Uncle William made a gesture of impatience. "You know rightly, Matthew's no good for a job of this sort!"
"Well, then, you'll have to go yourself. I'll keep an eye to the shop, forby my own work!..."
John got up and put John Halifax, Gentleman on the window-ledge.
"You needn't bother yourself, ma," he said. "I'm going to Belfast the morrow. What is it you want me to do, Uncle William?"
Mrs. MacDermott stared at him for a moment, then she got up and hurried out of the kitchen. They could hear her mounting the stairs, and then they heard the sound of her bedroom door being violently slammed.
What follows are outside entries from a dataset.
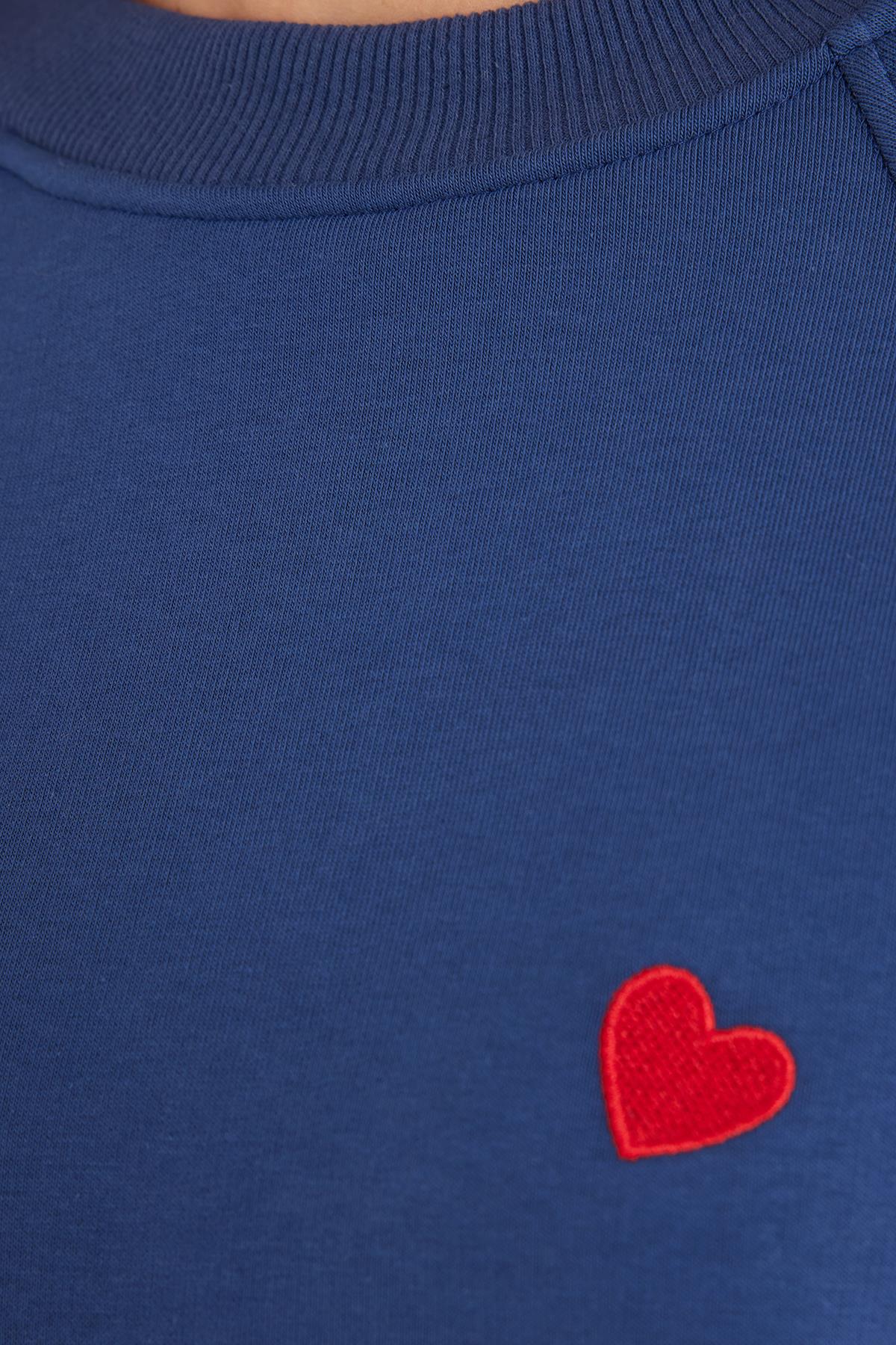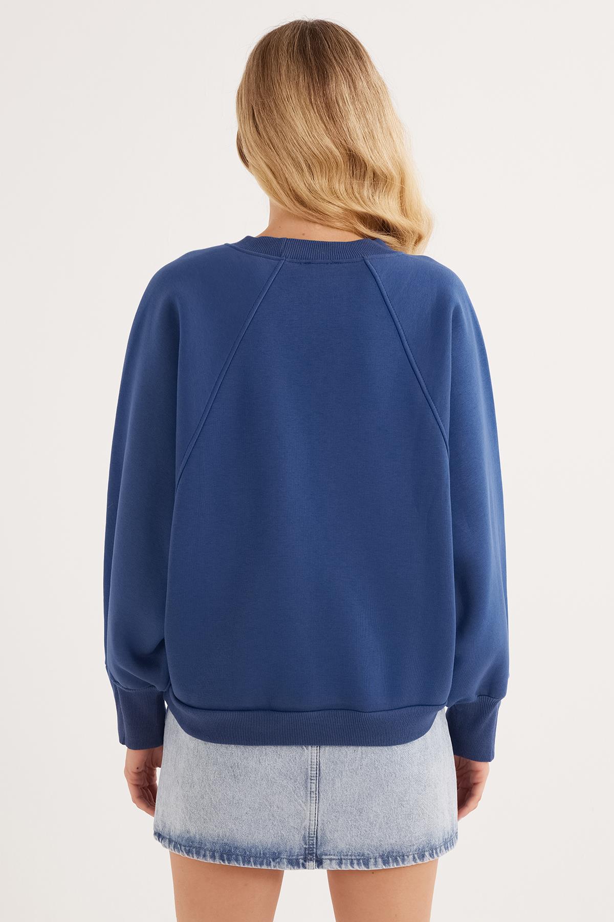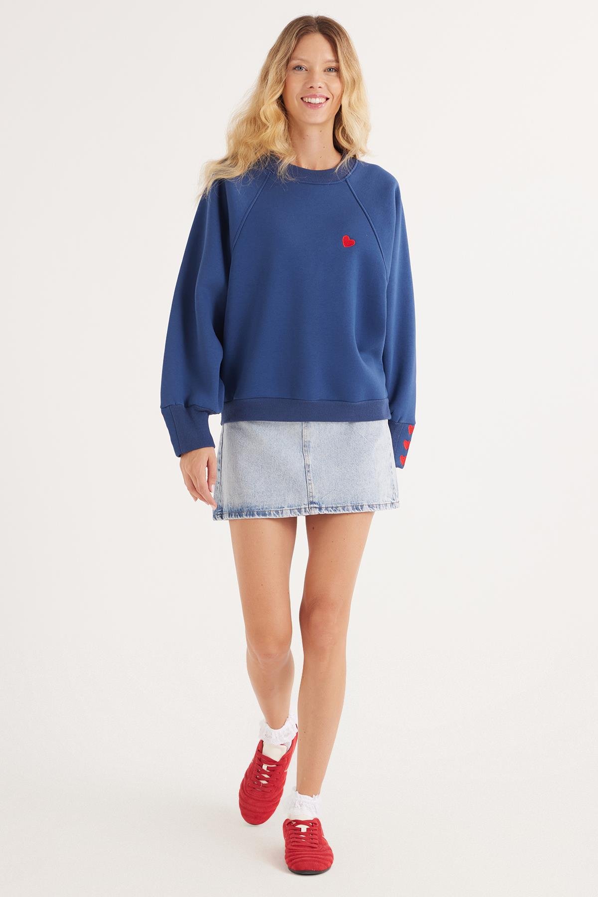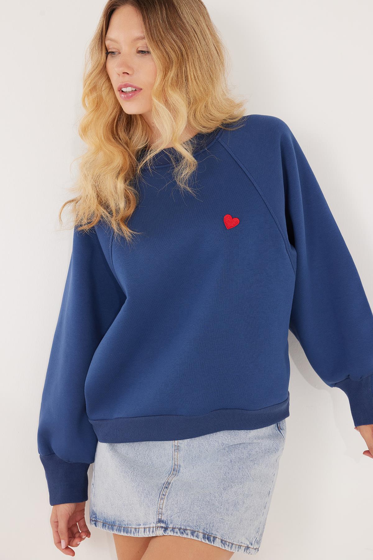 Kadın Regular Fit Klasik Kesim %100 Pamuk Baskılı Bisiklet Yaka Lacivert Sweatshirt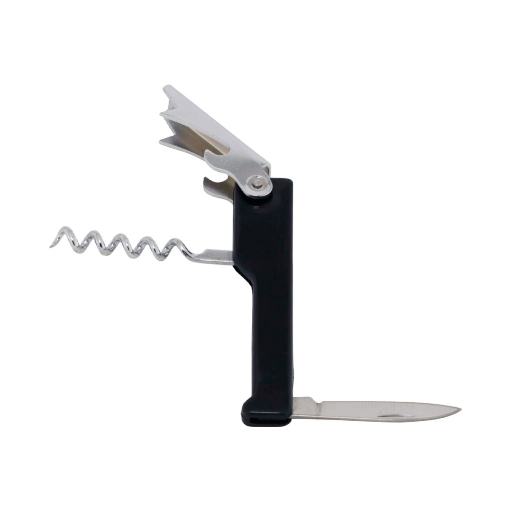 - Polished stainless steel corkscrew, opener and mini serrated knife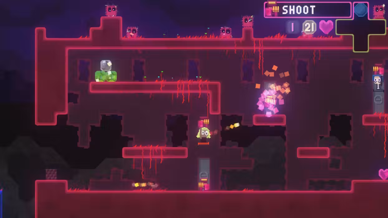 Uurnog Uurnlimited is a delightfully silly 2D platformer inspired by games like Super Mario Bros. 2, Lyle in Cube Sector, and Dyad. Play single-player or co-op, explore the world through its many mysterious doors, solve puzzles and gather the items and animals needed in your Save Room. Careful though — the Save Room also saves your mistakes (urr nurr!)

"Women are queer, John," said Uncle William, "but the queerest women of all are the women that are mothers. Anybody'd think I was proposing to send you to the bad place, and dear knows, Belfast's not that!"
"What's the job you want me to do?"
"Come into the shop and I'll tell you!"
John followed his Uncle into the shop and they sat down together in the little Counting House.
"There's really nothing that a postcard couldn't do," Uncle William said. "That was the excuse. I've been thinking about you, John, and I thought it was a terrible pity you should never get out and about by yourself a bit ... out of Ballyards, I mean ... to look round you. It's no good to a lad to be always running about with his ma!"